# What is required:
Could you reproduce, from the records below, everything from the line with "야구장에서 즉석으로 유니폼 입는 MZ처자ㄷㄷㄷ" down to the line with "ディテールで、アクアリウム初", keeping both of those lines and changing nothing?

# Input records:

========

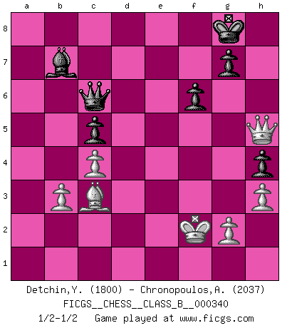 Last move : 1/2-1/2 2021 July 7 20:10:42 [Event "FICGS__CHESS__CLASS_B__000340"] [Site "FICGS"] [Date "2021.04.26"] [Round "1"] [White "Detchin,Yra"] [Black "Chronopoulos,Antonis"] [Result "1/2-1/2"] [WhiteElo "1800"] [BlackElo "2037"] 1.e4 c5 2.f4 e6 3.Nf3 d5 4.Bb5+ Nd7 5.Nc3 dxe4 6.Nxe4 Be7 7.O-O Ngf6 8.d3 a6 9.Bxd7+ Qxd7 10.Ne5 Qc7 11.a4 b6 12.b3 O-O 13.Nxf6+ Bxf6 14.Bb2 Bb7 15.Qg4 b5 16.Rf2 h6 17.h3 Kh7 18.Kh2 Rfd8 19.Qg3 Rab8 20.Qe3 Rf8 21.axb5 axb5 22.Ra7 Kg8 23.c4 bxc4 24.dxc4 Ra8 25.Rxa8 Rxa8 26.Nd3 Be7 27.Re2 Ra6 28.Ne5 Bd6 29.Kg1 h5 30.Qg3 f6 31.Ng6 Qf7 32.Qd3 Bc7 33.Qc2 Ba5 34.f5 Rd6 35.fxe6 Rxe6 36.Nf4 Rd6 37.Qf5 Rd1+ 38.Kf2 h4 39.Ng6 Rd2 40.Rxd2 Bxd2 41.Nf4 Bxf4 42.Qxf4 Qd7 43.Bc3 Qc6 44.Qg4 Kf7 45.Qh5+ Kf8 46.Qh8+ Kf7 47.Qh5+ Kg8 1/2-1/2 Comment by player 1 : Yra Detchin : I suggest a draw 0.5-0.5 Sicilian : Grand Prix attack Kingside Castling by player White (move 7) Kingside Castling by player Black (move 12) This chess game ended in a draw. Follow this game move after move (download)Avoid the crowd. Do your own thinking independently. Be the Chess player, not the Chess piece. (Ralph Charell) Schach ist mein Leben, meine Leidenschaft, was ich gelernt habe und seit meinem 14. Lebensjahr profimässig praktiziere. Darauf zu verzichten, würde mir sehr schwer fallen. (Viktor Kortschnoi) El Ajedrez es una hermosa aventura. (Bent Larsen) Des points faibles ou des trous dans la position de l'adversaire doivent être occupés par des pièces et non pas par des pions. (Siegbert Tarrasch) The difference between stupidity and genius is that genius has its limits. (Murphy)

========

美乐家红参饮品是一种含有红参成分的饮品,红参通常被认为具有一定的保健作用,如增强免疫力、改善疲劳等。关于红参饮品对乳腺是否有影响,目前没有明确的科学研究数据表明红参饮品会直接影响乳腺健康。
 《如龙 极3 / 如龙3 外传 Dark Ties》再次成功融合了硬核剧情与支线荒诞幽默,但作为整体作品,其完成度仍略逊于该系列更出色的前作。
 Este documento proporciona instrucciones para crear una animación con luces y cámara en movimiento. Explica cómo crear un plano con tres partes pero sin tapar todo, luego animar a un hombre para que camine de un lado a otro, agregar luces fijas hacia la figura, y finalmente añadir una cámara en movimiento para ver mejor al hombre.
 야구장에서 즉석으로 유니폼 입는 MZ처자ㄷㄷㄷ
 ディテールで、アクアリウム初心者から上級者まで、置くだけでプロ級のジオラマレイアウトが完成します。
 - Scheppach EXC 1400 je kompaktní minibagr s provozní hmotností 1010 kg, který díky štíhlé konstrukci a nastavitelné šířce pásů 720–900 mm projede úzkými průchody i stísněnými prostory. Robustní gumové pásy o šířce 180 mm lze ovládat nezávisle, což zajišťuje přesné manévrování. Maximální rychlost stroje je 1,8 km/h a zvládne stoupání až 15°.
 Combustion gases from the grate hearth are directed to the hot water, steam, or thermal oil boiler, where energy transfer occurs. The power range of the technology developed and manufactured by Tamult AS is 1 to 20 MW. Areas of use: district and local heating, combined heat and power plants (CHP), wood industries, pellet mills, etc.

========

# Finished exercise:
 야구장에서 즉석으로 유니폼 입는 MZ처자ㄷㄷㄷ
 ディテールで、アクアリウム初心者から上級者まで、置くだけでプロ級のジオラマレイアウトが完成します。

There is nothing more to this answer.